Los bochitos, como ya les llamábamos a los Volkswagen, como escarabajos transitaban sobre las banquetas, si es que querían ir de un lugar a otro, en medio de un bullicio descarrilado y eufórico, en el que no cabían los representantes del orden: que yo recuerde, hacia los domingos que me tocó asistir jamás vi una patrulla, ni a agentes policiacos esposando jóvenes por tomar en la vía pública.

Muchos años después, ya calmo, uno de los vecinos del malecón, nada más y nada menos que don Miguel Tamayo Espinosa de los Monteros, me diría que quienes allí vivían exigieron a la autoridad en turno que prohibieran aquellas afrentas y festivas reuniones juveniles. Y sí: las exterminaron.

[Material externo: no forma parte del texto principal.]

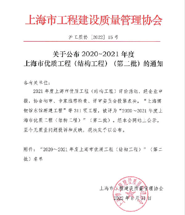 我校新校区一期东区2栋单体获得2021年上海市优质结构奖

Pero a mí ese malecón, deveras, me arranca otros borbotones de nostalgia, lo que me invita a repetir algo que mis cercanos saben: allí me hallé la voz con la que ando por la vida, porque la mía era un esperpento, como que no se había acabado de desarrollar luego de abandonar la niñez. Durante un verano me puse valiente y fui a practicar voces al malecón, hasta que encontré una que me gustó y muy seguido iba a ponerla en práctica con los paleteros y con cuanta persona permitía que le preguntara la hora, viéndoles la cara para saber si no me oían como a bicho raro. Y resultó aceptable.

Es curioso: es posible que a las generaciones actuales no les diga gran cosa este malecón de mis recuerdos, lo que es válido, porque cada cual tiene el deber de vivir su circunstancia, como ese fastuoso malecón nuevo con todas las luces de entrenamiento para la juventud de hoy. Y punto.